I mentioned in my previous post that I parse expressions in my mini language using a strange shunting yard algorithm.  It mixes explicit stack management and recursive decent.  Its operation makes intuitive sense to me which is why I use it, and the code to implement it happens to also be very short.

An expression parser is one of the hardest parts of a recursive descent parser to write, but with a little practice it doesn’t have to be hard at all.  I’m sure there are much better ways out there to implement an expression parser so I would be interested to see them if anyone has any good links.  Are they smaller then the ~100 lines (including comments) this one takes up?

The code presented below is almost identical in operation to the one from my mini parser.  I added a tiny Lexer and REPL loop to it so it can be used as a very simple infix to postfix expression evaluator.  I also used the C libraries setjmp() function to add very simple error handling.

It supports normal operators [+ – * /], parenthesis, the unary not operator [ ! ], and function calls. Only single character variables and literals are supported, so that the focus remains on the parser rather then the Lexer.  Spaces are not supported either.

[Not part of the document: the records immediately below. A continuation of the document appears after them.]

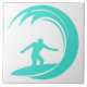Cool Turquoise; Blue Green surfer silhouette riding a wave on a surfboard. Great gift for anyone from professional surfers to anyone that simply loves to surf as a hobby. Images used on this item are licensed and © Graphics Factory.com
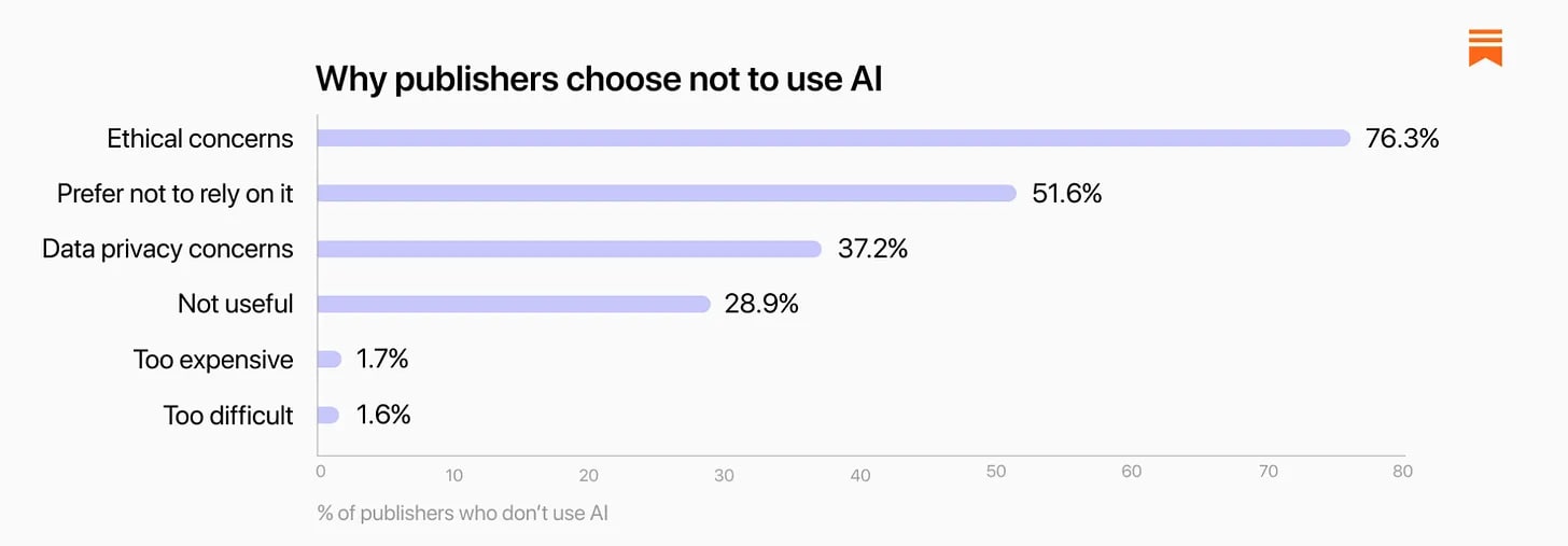 If someone didn’t use AI, why not? About 38% of all concerns here ethical, and a lot of the rest was data privacy, while very little of it was that it wasn’t useful.
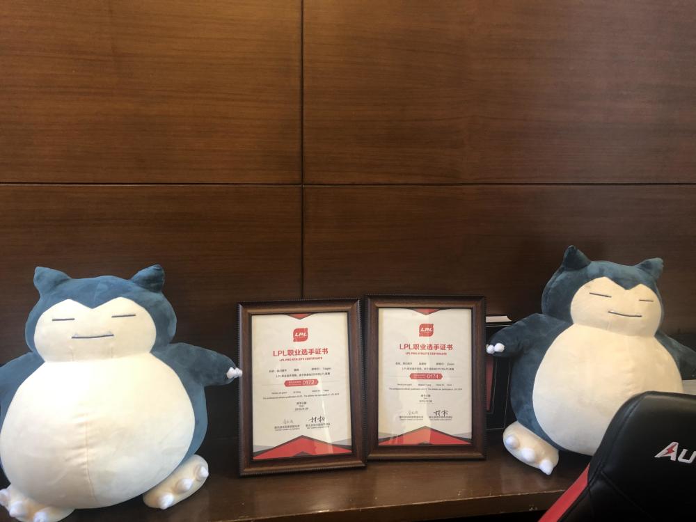 训练室里的大屏幕前摆着的两个卡比兽,是粉丝送Zoom的礼物。夏季赛的一次采访中,圣枪哥谈到和Zoom的对线,别出心裁地用了“卡比兽”来形容Zoom,后来这个称呼也被Zoom本人认可,随后卡比兽便成了Zoom的便签之一。

Try a simple expression such as:
> A*B-C(1+3)
> 1*(3+4)
> 2*!A

In the event that wordpress feels the need to mangle my source code here is an alternative link which will maintain the formatting: http://pastebin.com/TMkT17C6

#include <assert.h>
#include <stdint.h>
#include <vector>
#include <setjmp.h>
#include <stdio.h>

typedef char token_e;

namespace {
// return the precedence of an operator
int op_prec(token_e o) {
	switch (o) {
	case ('&'): return  1;
	case ('+'): 
	case ('-'): return  2;
	case ('*'): 
	case ('/'): return  3;
	default:    return  0;
	}
}

// return true if token is an operator
bool is_op(token_e o) {
	return op_prec(o) != 0;
}

// return true if token is a variable identifier
bool is_var(token_e o) {
	return (o>='A' && o<='Z') || (o>='a' && o<='z');
} 

// return true if token is a numeric literal 
bool is_num(token_e o) { 
	return (o>='0' && o<='9');
}
} // namespace {}

struct parser_t {

	std::vector<token_e> op_;
	const char * s_;
	jmp_buf error_buf;

	void error() {
		longjmp (error_buf, 1);
	}

	parser_t(const char * stream)
		: op_()
		, s_(stream)
	{}

	char found_op () { return (is_op  (*s_)) ? *(s_++) : 0; }
	char found_var() { return (is_var (*s_)) ? *(s_++) : 0; }
	char found_num() { return (is_num (*s_)) ? *(s_++) : 0; }

	// check for specific token in the token stream
	bool found(char ch) {
		if (*s_ == ch) {
			s_++;
			return true;
		}
		return false;
	}

	// unconditionally expect a token in the token stream
	void expect(char ch) {
		if (*(s_++) != ch) {
			printf ("\nexpected '%c'\n", ch);
			error ();
		}
	}

	// ---- ---- ---- ---- ---- ---- ---- ---- <expression parser>

	void pop_op() {
		assert(op_.size() > 0);
		token_e t = op_.back();
		putchar (t);
		op_.pop_back();
	}

	void push_op(uint32_t tide, token_e tok) {
		while (op_.size() > tide) {
			if (op_prec (op_.back ()) > op_prec (tok))
				pop_op ();
			else
				break;
		}
		op_.push_back(tok);
	}

	void pop_all_op(uint32_t tide) {
		while (op_.size() > tide)
			pop_op();
	}

	void parse_lhs(uint32_t tide) {
		// parenthesis
		if (found('(')) {
			parse_expr ();
			expect (')');
		}
		// identifier
		else if (char var = found_var()) {
			// identifier name
			putchar (var);
			// index an object
			while (found('.')) {
				if (char ix = found_var()) {
					putchar (ix);
					putchar ('@');
				}
				else {
					printf ("\nexpecting identifier, got '%c'\n", *s_);
					error ();
				}
			}
			// function call
			if (found('(')) {
				//
				uint32_t num_args = 0;
				// argument list
				if (!found(')')) {
					do {
						++num_args;
						parse_expr();
					} while (found(','));
					expect (')');
				}
				// call instruction
				printf("<%d>",-num_args);
			}
		}
		// numeric literal
		else if (char num = found_num()) {
			putchar (num);
		} 
		// unexpected token
		else {
			printf ("\nunexpected token '%c'\n", *s_);
			error ();
		}
	}

	// parse an expression with extended control
	void parse_expr_ex(uint32_t tide) {
		bool unary_not = found ('!');
		parse_lhs(tide);
		if (unary_not) {
			// logical not instruction
			putchar('!');
		}
		if (char op = found_op()) {
			push_op (tide, op);
			parse_expr_ex(tide);
		}
	}

	// parse a full expression
	void parse_expr() {
		uint32_t tide = op_.size();
		parse_expr_ex(tide);
		pop_all_op(tide);
	}

	// ---- ---- ---- ---- ---- ---- ---- ---- </expression parser>

	// parse root
	void parse() {
		if (!setjmp(error_buf)) {
			parse_expr ();
		} else {
			printf ("unable to parse\n");
		}
	}
};

// supported operators: 
//      &       and
//      + -     add sub
//      * /     mul div
//      !       unary not
// example input:
//      A+B*C*(0-3)
//      A&!B
//      2+A(B,C+1)
int main() {
	char buffer[1024];
	// little REPL loop
	for (;;) {
		printf ("expr: ");
		fgets(buffer, sizeof(buffer), stdin);
		if (buffer[0] == '\0')
			break;
		parser_t parser(buffer);
		printf ("post: ");
		parser.parse();
		printf ("\n\n");
	}
	return 0;
}